Authorities identified the assassin as Lee Harvey Oswald—a lone gunman, they said, but one whose sketchy past, shadowy meetings with underworld figures, and sudden death in police custody would fuel decades of conspiracy theories. CT sent a correspondent to interview the accused killer’s mother.

Mrs. Marguerite Oswald … tried under difficult circumstances to provide religious training for her three sons. … The infant Lee was baptized in a Missouri Synod Lutheran church in New Orleans. He was never confirmed.

Mrs. Oswald attempted to stay at home and rear her family but eventually was forced to go to work. She paid a maid to care for the children for a time, but when World War II came, she had to make other arrangements. The older two sons she placed in a Lutheran institution which accepted children having only one parent. She said she was expected to pay whatever circumstances would permit.

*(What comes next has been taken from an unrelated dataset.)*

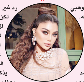
فيما تتحضر لمجموعة من الأعمال الفنية التي تنتظر موافقتها هي قبل أي تفاصيل أخرى.

رد غير مناسب ولم يكن الأمر بحاجة لذلك. لكن في المقابل، علم أن بيومي فؤاد سيعود إلى الفيلم، ليشارك وهبي في دورها عن فتاة تحاول بكل ما أوتيت من قوة للفوز والنجاح في الحياة، ما يعكس على محيطها، في إطار لا يخلو من بعض الكوميديا والسخرية. يذكر أن هيفاء وهبي أعدت نفسها عن معظم الفعاليات الفنية، لأسباب لم تعرف. فيما تتحضر لمجموعة من الأعمال الفنية التي تنتظر موافقتها هي قبل أي تفاصيل أخرى.

But Lee was too young to enter the church home. Mrs. Oswald said she had no choice but to leave him to the care of a sister, who also lived in New Orleans, and to hire other attendants for him whenever possible. … 

“I know that my son was not an atheist,” Mrs. Oswald declared.

Before that fateful day, the biggest political story of the year was the Supreme Court decision in Abington School District v. Schempp. The court decided that teachers reading Scripture to students was a violation of the First Amendment. CT reported from the court: 

Justice Tom C. Clark had been drawling over a zig-zag sewing machine patent when, with scarcely a pause, he shifted to cases 119 and 142. Clark talked for another 25 minutes. His voice trailed off as he finally announced the court’s decision against a 150-year-old American tradition of prayer and Bible reading in the public schoolroom. The decision was regarded in some quarters as imposing a restriction upon the religious practices of more Americans than any prior government action.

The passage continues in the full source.